Because we used record=True, we have the history of the simulation, which we can now visualize using tree_world.visualize

from tree_world.visualize import visualize_treeworld_run
visualize_treeworld_run(
    world.tree_locations.numpy().tolist(),
    [tree.name for tree in world.trees],
    [tree.is_poisonous for tree in world.trees],
    world.record_positions,
    world.record_healths,
    world.config.max_health,
    title="TreeWorld run",
    save_path="tree_world_run.png",
    show=False,
)
/Users/alockett/dev/tree-world/src/tree_world/visualize.py:222: UserWarning: Glyph 108 (l) missing from font(s) Noto Emoji.
  fig.savefig(save_path, bbox_inches="tight", dpi=150)
/Users/alockett/dev/tree-world/src/tree_world/visualize.py:222: UserWarning: Glyph 112 (p) missing from font(s) Noto Emoji.
  fig.savefig(save_path, bbox_inches="tight", dpi=150)
(<Figure size 800x800 with 2 Axes>, <Axes: title={'center': 'TreeWorld run'}>)

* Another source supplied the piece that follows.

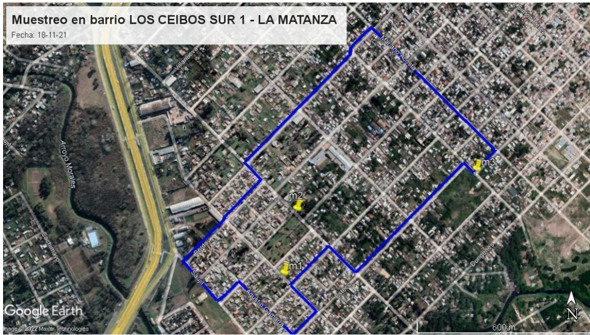
Figura 2. Mapa con distribución de puntos de muestreo de suelo superficial realizado en relación al barrio Los Ceibos Sur 1, González Catán, La Matanza

/Users/alockett/dev/tree-world/venv/lib/python3.12/site-packages/IPython/core/events.py:82: UserWarning: Glyph 108 (l) missing from font(s) Noto Emoji.
  func(*args, **kwargs)
/Users/alockett/dev/tree-world/venv/lib/python3.12/site-packages/IPython/core/events.py:82: UserWarning: Glyph 112 (p) missing from font(s) Noto Emoji.
  func(*args, **kwargs)
/Users/alockett/dev/tree-world/venv/lib/python3.12/site-packages/IPython/core/pylabtools.py:170: UserWarning: Glyph 108 (l) missing from font(s) Noto Emoji.

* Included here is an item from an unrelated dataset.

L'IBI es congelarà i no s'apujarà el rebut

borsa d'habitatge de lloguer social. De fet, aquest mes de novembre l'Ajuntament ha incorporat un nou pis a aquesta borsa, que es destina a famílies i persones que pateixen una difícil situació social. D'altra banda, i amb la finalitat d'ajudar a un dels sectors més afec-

  fig.canvas.print_figure(bytes_io, **kw)
/Users/alockett/dev/tree-world/venv/lib/python3.12/site-packages/IPython/core/pylabtools.py:170: UserWarning: Glyph 112 (p) missing from font(s) Noto Emoji.
  fig.canvas.print_figure(bytes_io, **kw)
<Figure size 800x800 with 2 Axes>

So we see that a very basic agent that approaches trees already does a decent job at staying alive.

Now we just need to make our agent more intelligent, and our simulation harder.